The enduring appeal of Johannes Vermeer-a new exhibition of his paintings has proved a runaway success at the Metropolitan Museum in New York City and transfers to London's National Gallery in June-is based on an enigma. The master of precision, mood and detail, Vermeer nevertheless avoided all that is discordant and jarring-what Anthony Bailey, in his engrossing new book A View of Delft (Chatto & Windus; 272 pages), terms "the messiness of life."

What takes Bailey's book beyond the narrow confines of art history is his ability to see Vermeer in the context of life in mid-17th century Holland. To survive, an artist needed wealthy patrons-and the more the better. Vermeer had few benefactors, and he gained no more than a quarter of his income from painting; most came from his mother-in-law and his work as an art dealer. While contemporaries like Rembrandt and Frans Hals specialized in large canvases, lively down-to-earth realism and volume-40 or 50 paintings a year-Vermeer concentrated on interiors and demure women, and managed only a couple of works annually: small, frozen-in-time images with what Bailey calls, "the reality of dreams."

The son of an innkeeper, Vermeer was the father of 15 children, a Roman Catholic-leaning Protestant and a home-towner who rarely left Delft. But this is about all we know; no character descriptions or other salient facts exist. In his short life -born in 1632, died in 1675 of unknown causes although his wife, Catharina, blamed "decay and decadence"-he was never particularly successful. It was not until 1866, when a radical French critic named Thophile Thor wrote three articles about him, that the art world beyond Holland took much notice.

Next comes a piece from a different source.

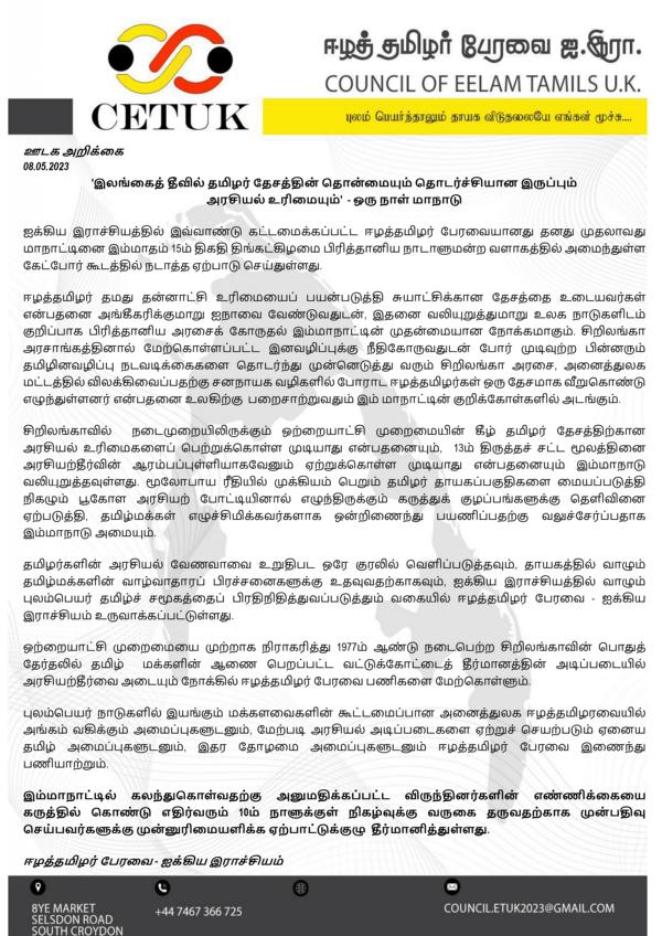 ஐக்கிய இராச்சியத்தில் இவ்வாண்டு கட்டமைக்கப்பட்ட ஈழத்தமிழர் பேரவையானது தனது முதலாவது மாநாட்டினை இம்மாதம் 15ம் திகதி திங்கட்கிழமை பிரித்தானிய நாடாளுமன்ற வளாகத்தில் அமைந்துள்ள கேட்போர் கூடத்தில் நடாத்த ஏற்பாடு செய்துள்ளது.

What Thor recognized was the revolutionary in Vermeer-his emphasis on a perfected state of life without external intrusions and noise, his stress on form rather than function and his extraordinary command of perspective. Thor was writing at the dawn of photography, which helped artists see in a new way. Vermeer had broken the mold two centuries earlier.

Of course today Vermeer is acknowledged as one of the leading artists of the past 500 years. His influence extended to the Impressionists, Marcel Proust-even crime. Many of his 35 works have been stolen (one, The Concert, is still missing), and in the 1930s and '40s a forger named Hans van Meegeren made millions of dollars with at least six high-class fakes before being caught and imprisoned.

The man from Delft might have smiled at Van Meegeren's efforts. Few of his own subjects were original, he was ruthless in his pursuit of objectives, strove for perfection over volume and borrowed ideas liberally. But there any comparison must end. In a Vermeer painting serenity prevails and, as Bailey notes, a viewer is taken into a room and invited to walk around and talk to those present. It is this unique intimacy that ensured Vermeer's reputation over time, and that continues to enthrall.